**Task prompt:**
Your answer must hold only the lines below from the line containing "Abdeckhaube für Gitterboxen" through the line containing "Proprio da questo", each reproduced exactly.
*** Opening of Dataset records ***
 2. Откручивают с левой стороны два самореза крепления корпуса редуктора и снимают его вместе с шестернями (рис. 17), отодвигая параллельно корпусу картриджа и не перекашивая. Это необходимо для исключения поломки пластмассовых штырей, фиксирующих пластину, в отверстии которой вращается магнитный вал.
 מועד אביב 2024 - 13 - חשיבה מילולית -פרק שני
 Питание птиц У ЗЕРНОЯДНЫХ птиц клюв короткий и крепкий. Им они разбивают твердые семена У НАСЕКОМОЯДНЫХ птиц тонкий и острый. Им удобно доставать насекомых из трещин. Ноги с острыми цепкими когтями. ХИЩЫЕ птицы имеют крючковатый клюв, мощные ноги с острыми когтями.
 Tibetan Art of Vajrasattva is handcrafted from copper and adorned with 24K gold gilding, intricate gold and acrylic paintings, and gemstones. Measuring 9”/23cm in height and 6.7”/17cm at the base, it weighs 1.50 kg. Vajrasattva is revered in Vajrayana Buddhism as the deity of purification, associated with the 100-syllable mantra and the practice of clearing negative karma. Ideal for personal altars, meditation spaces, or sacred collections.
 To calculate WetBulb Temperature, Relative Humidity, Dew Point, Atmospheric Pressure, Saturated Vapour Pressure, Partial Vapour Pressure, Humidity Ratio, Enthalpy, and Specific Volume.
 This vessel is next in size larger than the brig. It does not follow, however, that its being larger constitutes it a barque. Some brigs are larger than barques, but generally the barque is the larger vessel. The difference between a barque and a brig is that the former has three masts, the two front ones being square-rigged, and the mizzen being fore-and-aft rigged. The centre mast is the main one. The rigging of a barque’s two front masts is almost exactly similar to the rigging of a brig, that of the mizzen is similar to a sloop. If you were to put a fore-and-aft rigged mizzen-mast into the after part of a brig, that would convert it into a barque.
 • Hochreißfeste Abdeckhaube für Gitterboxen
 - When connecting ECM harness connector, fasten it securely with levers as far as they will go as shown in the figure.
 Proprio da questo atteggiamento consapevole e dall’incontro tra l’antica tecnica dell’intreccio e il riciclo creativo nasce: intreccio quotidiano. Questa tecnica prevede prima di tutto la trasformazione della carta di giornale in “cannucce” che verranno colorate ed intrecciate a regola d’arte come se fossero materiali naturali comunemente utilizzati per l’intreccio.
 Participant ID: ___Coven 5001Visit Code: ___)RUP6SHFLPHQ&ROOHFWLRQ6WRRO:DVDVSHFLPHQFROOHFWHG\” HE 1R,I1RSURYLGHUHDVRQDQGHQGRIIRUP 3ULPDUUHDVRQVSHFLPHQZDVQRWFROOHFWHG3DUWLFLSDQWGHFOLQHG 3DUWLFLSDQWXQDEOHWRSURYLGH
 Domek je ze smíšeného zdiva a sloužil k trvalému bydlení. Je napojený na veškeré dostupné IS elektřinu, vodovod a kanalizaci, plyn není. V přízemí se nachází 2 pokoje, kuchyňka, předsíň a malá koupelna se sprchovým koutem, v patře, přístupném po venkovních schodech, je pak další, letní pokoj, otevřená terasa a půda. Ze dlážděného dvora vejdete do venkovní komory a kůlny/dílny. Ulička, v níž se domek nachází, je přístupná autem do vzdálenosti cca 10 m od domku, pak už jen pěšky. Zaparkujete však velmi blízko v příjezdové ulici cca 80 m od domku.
*** Close of Dataset records ***
**Output for this exercise:**
 • Hochreißfeste Abdeckhaube für Gitterboxen
 - When connecting ECM harness connector, fasten it securely with levers as far as they will go as shown in the figure.
 Proprio da questo atteggiamento consapevole e dall’incontro tra l’antica tecnica dell’intreccio e il riciclo creativo nasce: intreccio quotidiano. Questa tecnica prevede prima di tutto la trasformazione della carta di giornale in “cannucce” che verranno colorate ed intrecciate a regola d’arte come se fossero materiali naturali comunemente utilizzati per l’intreccio.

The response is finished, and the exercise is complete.